REQUIRED ACTION
No pictures belong in the copy. Set down exactly the lines from the one that contains "Когато поставите батерия" through the end of the data.

RECORDED INFORMATION
BEGIN

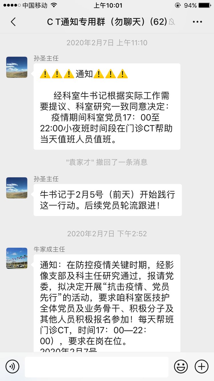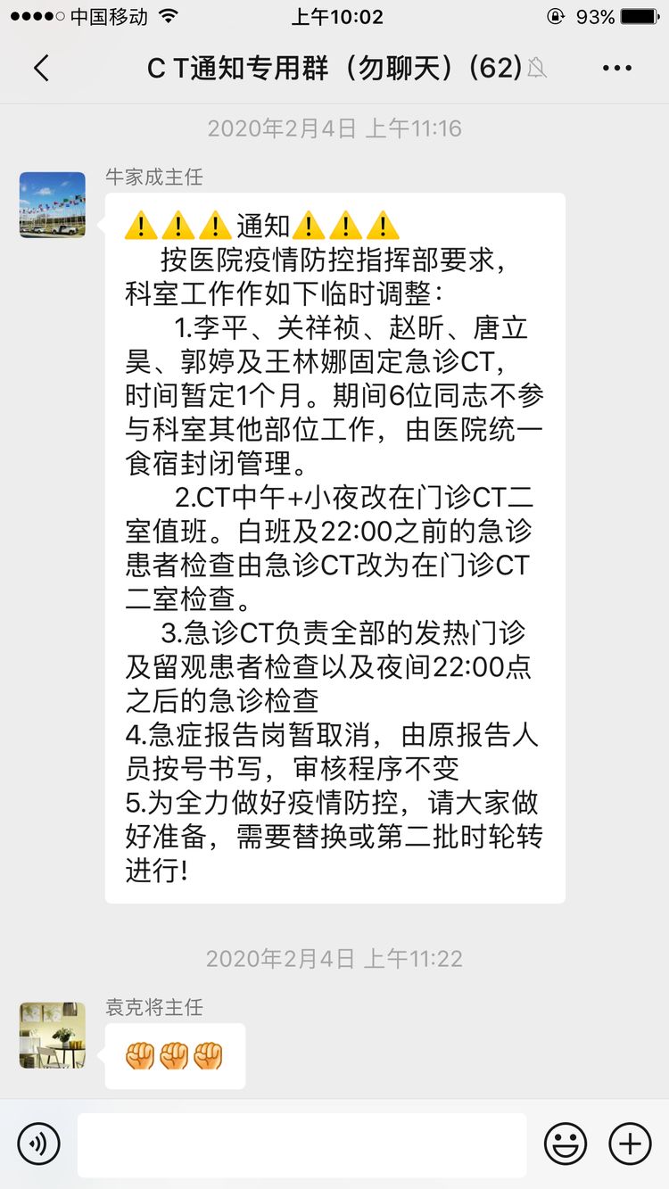 按照醫(yī)院防控指揮部要求,發(fā)熱門診需要配備專用X拍片機(jī)和專用CT檢查室,要求對(duì)所有人員進(jìn)行密閉管理。影像中心主任牛家成接通知后,第一時(shí)間在科室微信群內(nèi)下達(dá)緊急通知,并提出“抗擊疫情、黨員先行”的要求。為此,全體黨員及廣大群眾踴躍報(bào)名、積極參戰(zhàn),短短半個(gè)小時(shí)內(nèi)成立了由3名放射技師、4名CT醫(yī)師及2名登記人員組成的抗擊疫情第一梯隊(duì)。當(dāng)天,他們就按照工作要求到位到崗,臨時(shí)建立了發(fā)熱門診專用拍片室;優(yōu)化流程,把急診CT設(shè)為新冠肺炎患者檢查專用CT,及時(shí)擔(dān)負(fù)起發(fā)熱門診或疑似新冠肺炎病人的篩查工作。
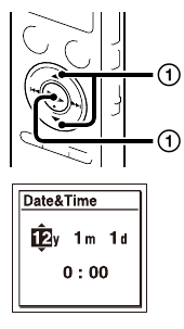 Когато поставите батерия за първи път или след като IC recorder-ът е бил без батерия повече от 1 минута, се появява анимацията "Set Date&Time" ("Задаване на дата и час"), след което секцията за годината започва да мига.
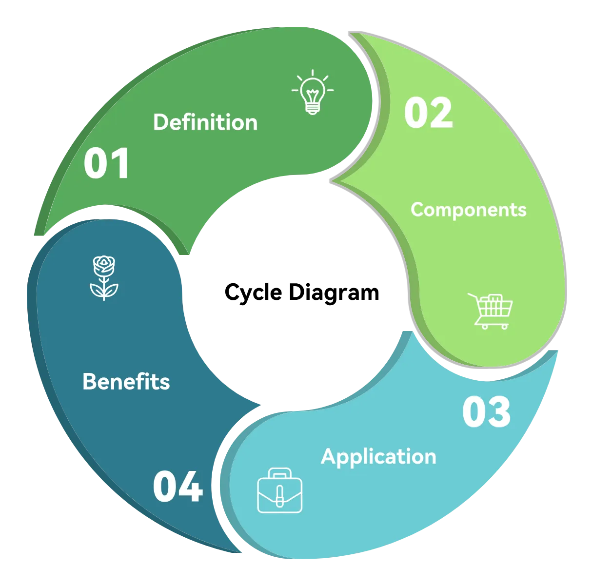 • 結(jié)構(gòu):一個(gè)簡(jiǎn)單的圓形被劃分為等分段,每個(gè)段代表一個(gè)階段;箭頭連接相鄰段,形成閉合環(huán)路。

END

SOLUTION TO THE EXERCISE
 Когато поставите батерия за първи път или след като IC recorder-ът е бил без батерия повече от 1 минута, се появява анимацията "Set Date&Time" ("Задаване на дата и час"), след което секцията за годината започва да мига.
 • 結(jié)構(gòu):一個(gè)簡(jiǎn)單的圓形被劃分為等分段,每個(gè)段代表一個(gè)階段;箭頭連接相鄰段,形成閉合環(huán)路。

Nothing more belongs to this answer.